Instructions for the task: Copy each record exactly as it reads, leaving out any pictures it holds.

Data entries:
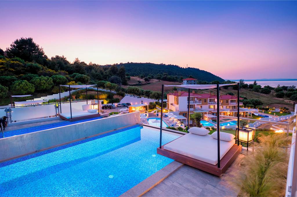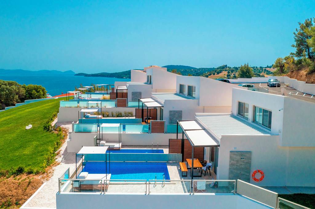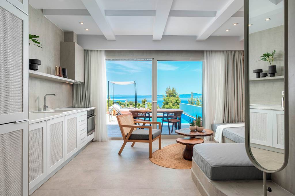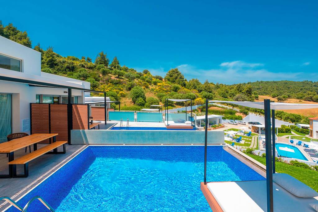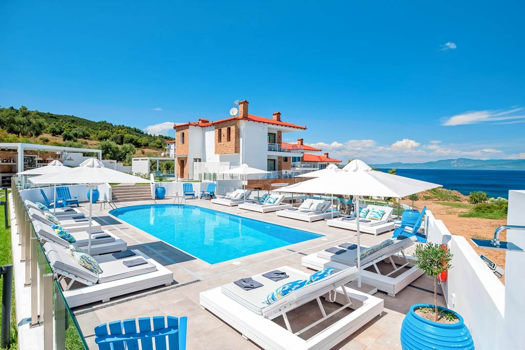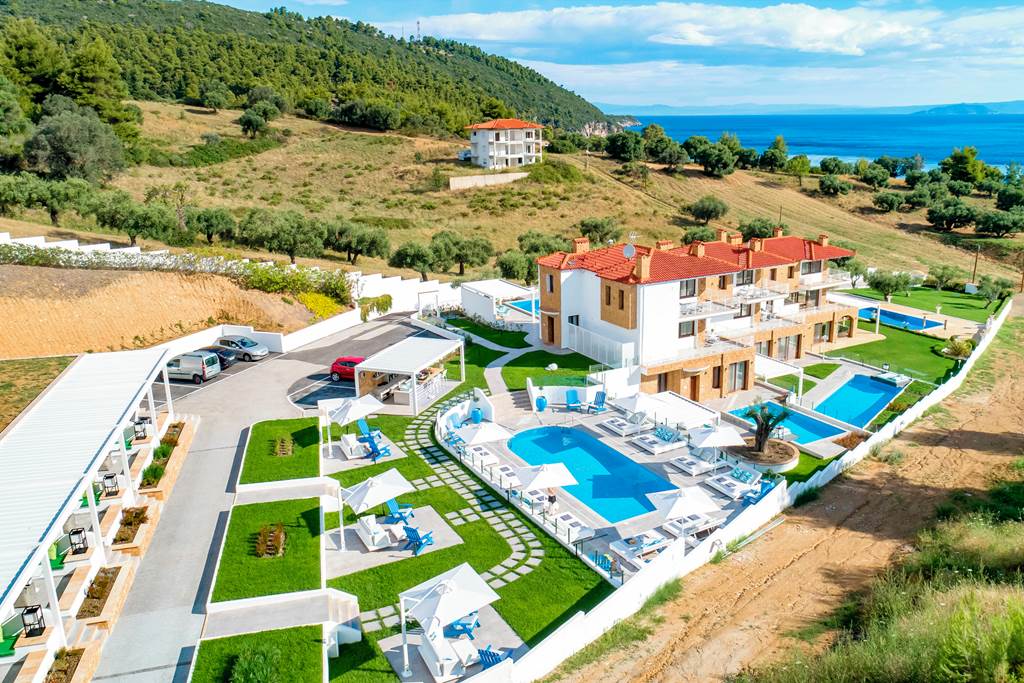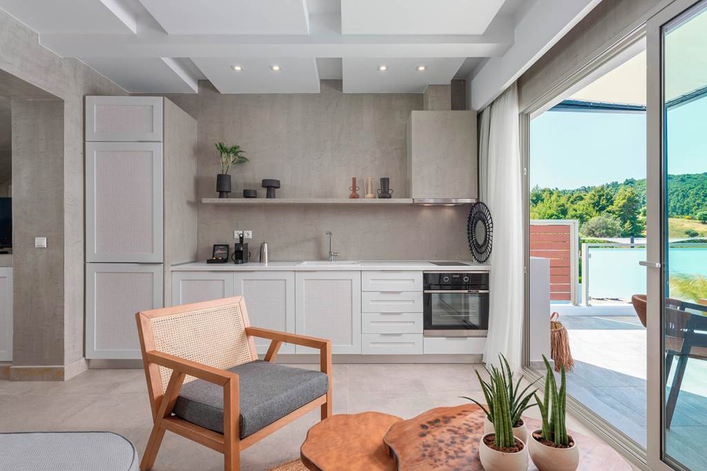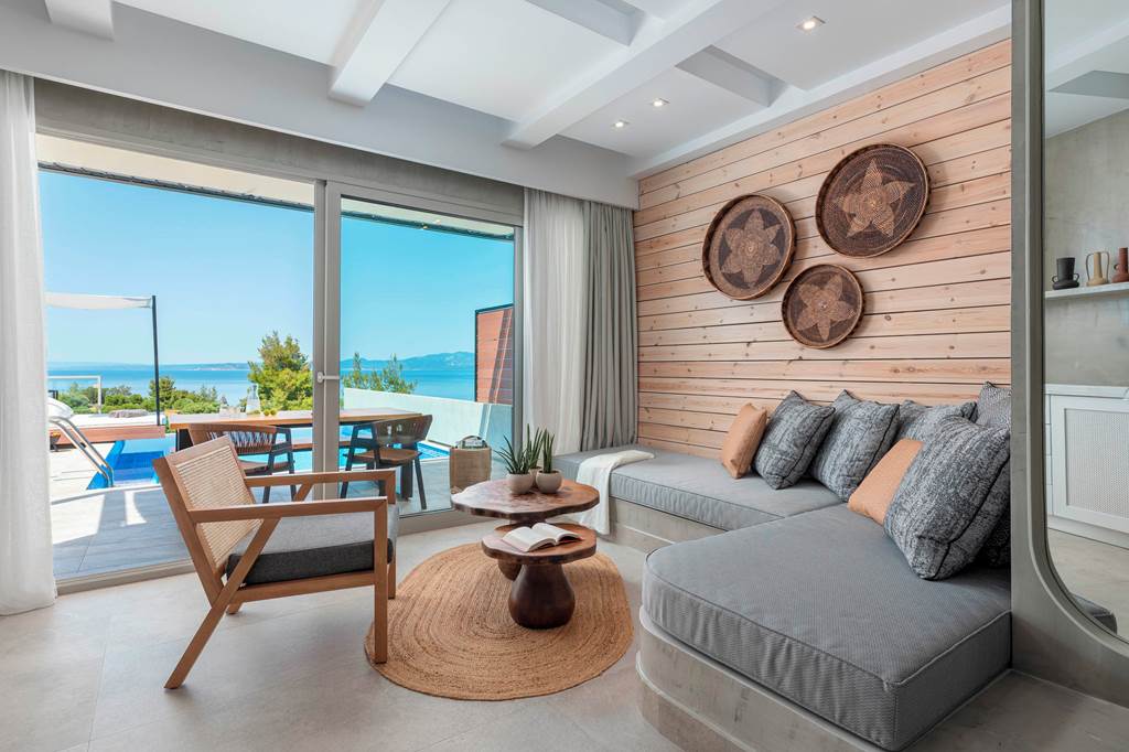 Villa D'oro Luxury Villas & Suites provides a truly restful retreat close to the sea with spectacular views. Set across four buildings, amongst the verdant surroundings, this property combines Aegean minimalism with a truly luxurious feel. The interiors of the modern and spacious suites have fantastic facilities and are fully equipped with everything for both couples and families to enjoy their time in Halkidiki. Breakfast is delivered to the door of your suite, for you to enjoy at your leisure on your private terrace, so you can start your day the right way! It will be easy to while away your time here, soaking up the sun on the cosy sunbeds by the pool, unwinding on the Blue Flag beach or heading out into the village of Paliouri. Why not treat yourself, and upgrade to a suite with a private pool? Heaven awaits!Junior suites sleep up to 4 adults and have a bathroom containing a shower, hairdryer, air conditioning, flat screen television, kitchenette with 2 cooking rings, oven, fridge, kettle and terrace. Room upgrade options are also available.
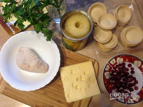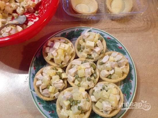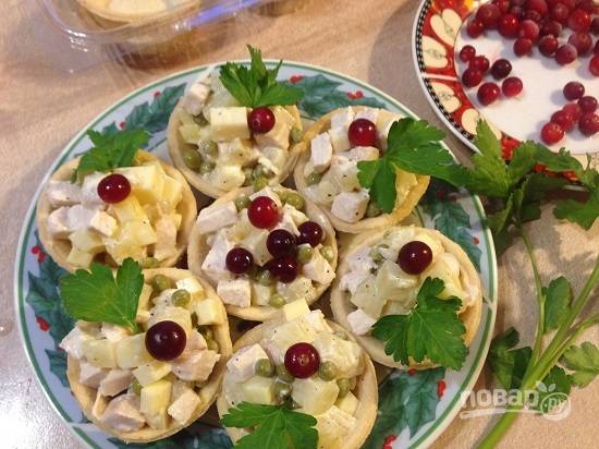Рецепт, как приготовить салат с курицей и ананасами в тарталетках, отлично подойдет к любому праздничному столу. Подача блюда в тарталетках намного интересней, чем обычная подача в салатнике.
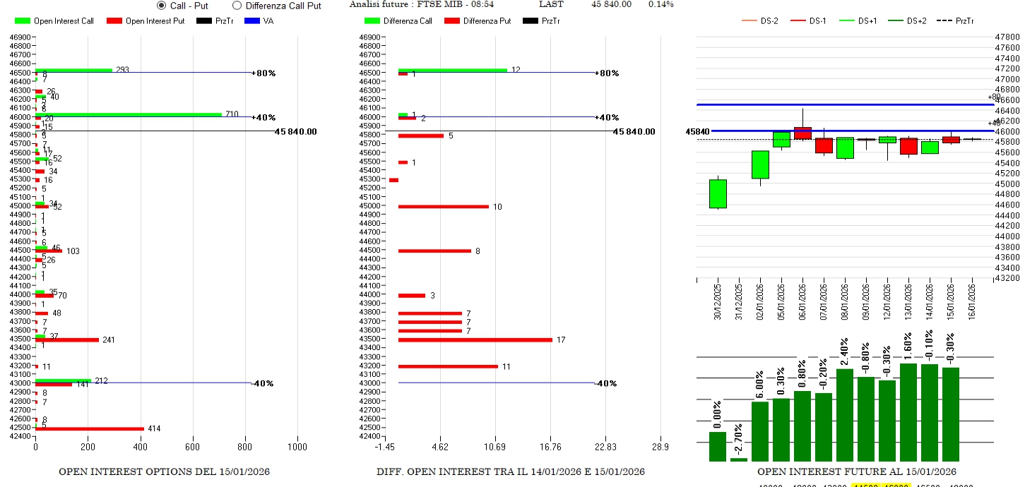 Su gennaio i prezzi, come abbiamo visto, sono arrivati con forza e persistenza su Va+80. Su febbraio gli operatori si sono ribilanciati spostando in alto il baricentro del fair value. Nella giornata di ieri pochi contratti a mercato con piccoli ingressi sparsi di put sotto al prezzo e un solo ingresso di call a strike 46500. Future sempre in pressione ma in lieve calo.
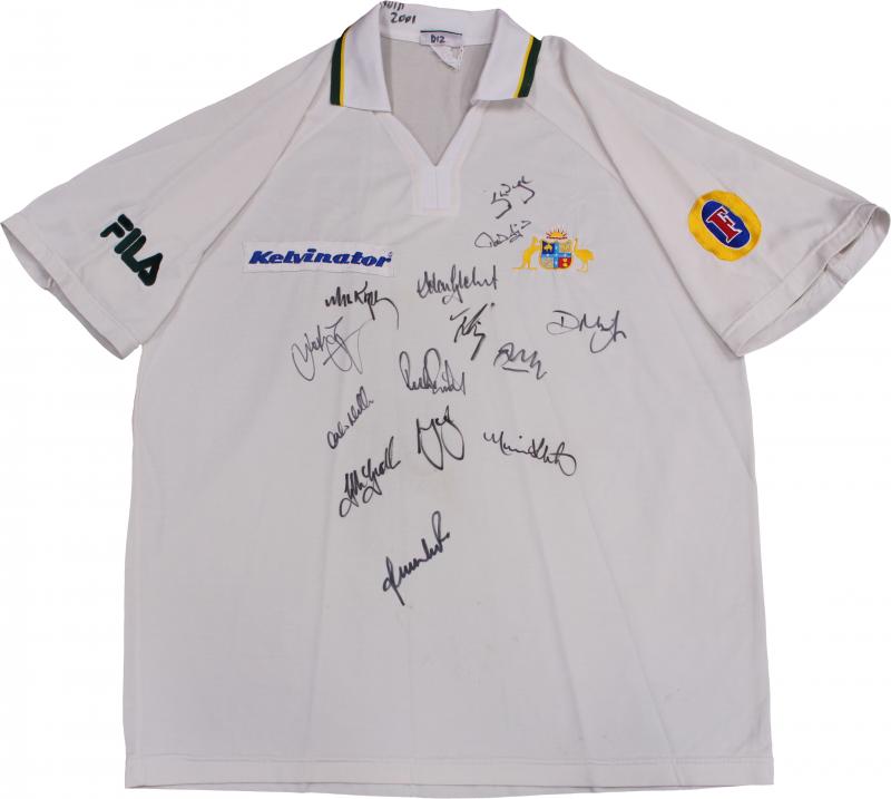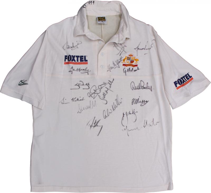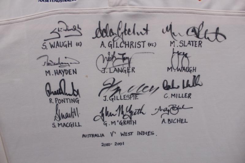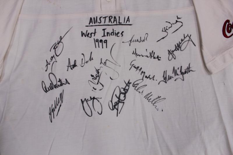 vs WI 2000' inside collar, with 12 signatures of the Australian Team including Steve Waugh, Ricky Ponting, Ian Healy & Colin Miller. [Between 14th October 1999 & 3rd December 2000, the Australian cricket team led by Stephen Waugh played and won 12
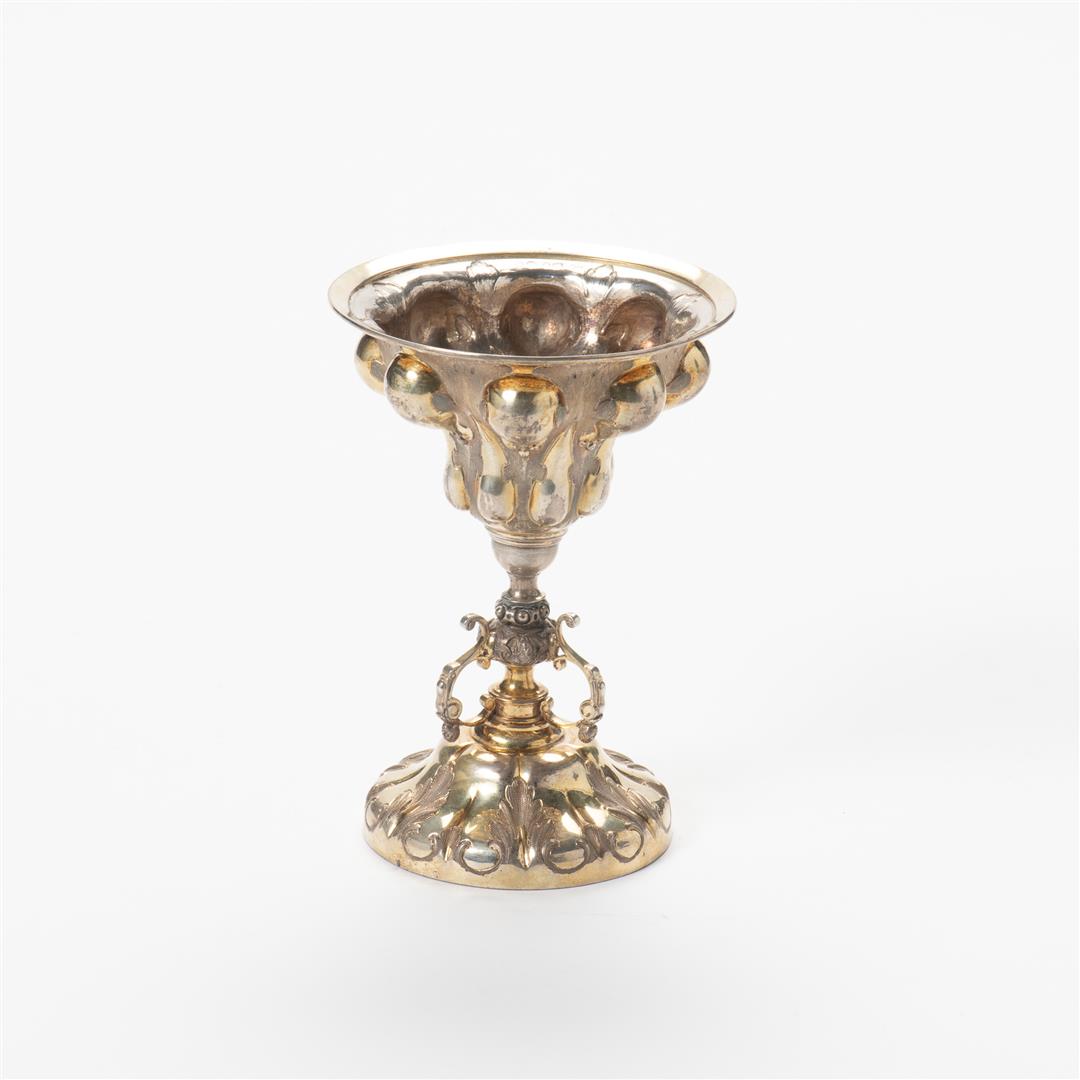 An English silver parcel-gilt chalice Mark of George Fox, London, 1907 The circular lobed foot is chased with a band of stylized leaves, the knobbed stem supports the lobed cup. H. 17.5 cm Weight approx. 361 g
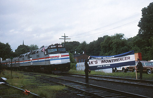 Amtrak Montrealer at Amherst Station (July 17, 1989)
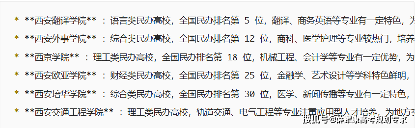 西安理工大学、西安邮电大学、西北大学、西安建建科技大学、陕西科技大学、西安科技大学、西安外国语大学。纺织工程、服拆设想等学科有必然劣势,对专业要求不高,实力强且合作小。因为2019年是二三本归并的第一年!
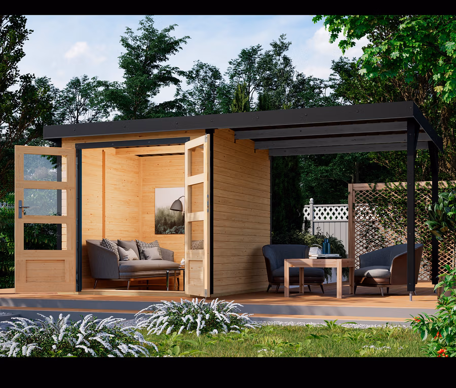 Karibu Gerätehaus »Venus A« mit Metalldach und Anbaudach, 19 mm, naturfarben

Reply to the task:
 Villa D'oro Luxury Villas & Suites provides a truly restful retreat close to the sea with spectacular views. Set across four buildings, amongst the verdant surroundings, this property combines Aegean minimalism with a truly luxurious feel. The interiors of the modern and spacious suites have fantastic facilities and are fully equipped with everything for both couples and families to enjoy their time in Halkidiki. Breakfast is delivered to the door of your suite, for you to enjoy at your leisure on your private terrace, so you can start your day the right way! It will be easy to while away your time here, soaking up the sun on the cosy sunbeds by the pool, unwinding on the Blue Flag beach or heading out into the village of Paliouri. Why not treat yourself, and upgrade to a suite with a private pool? Heaven awaits!Junior suites sleep up to 4 adults and have a bathroom containing a shower, hairdryer, air conditioning, flat screen television, kitchenette with 2 cooking rings, oven, fridge, kettle and terrace. Room upgrade options are also available.
Рецепт, как приготовить салат с курицей и ананасами в тарталетках, отлично подойдет к любому праздничному столу. Подача блюда в тарталетках намного интересней, чем обычная подача в салатнике.
 Su gennaio i prezzi, come abbiamo visto, sono arrivati con forza e persistenza su Va+80. Su febbraio gli operatori si sono ribilanciati spostando in alto il baricentro del fair value. Nella giornata di ieri pochi contratti a mercato con piccoli ingressi sparsi di put sotto al prezzo e un solo ingresso di call a strike 46500. Future sempre in pressione ma in lieve calo.
 vs WI 2000' inside collar, with 12 signatures of the Australian Team including Steve Waugh, Ricky Ponting, Ian Healy & Colin Miller. [Between 14th October 1999 & 3rd December 2000, the Australian cricket team led by Stephen Waugh played and won 12
 An English silver parcel-gilt chalice Mark of George Fox, London, 1907 The circular lobed foot is chased with a band of stylized leaves, the knobbed stem supports the lobed cup. H. 17.5 cm Weight approx. 361 g
 Amtrak Montrealer at Amherst Station (July 17, 1989)
 西安理工大学、西安邮电大学、西北大学、西安建建科技大学、陕西科技大学、西安科技大学、西安外国语大学。纺织工程、服拆设想等学科有必然劣势,对专业要求不高,实力强且合作小。因为2019年是二三本归并的第一年!
 Karibu Gerätehaus »Venus A« mit Metalldach und Anbaudach, 19 mm, naturfarben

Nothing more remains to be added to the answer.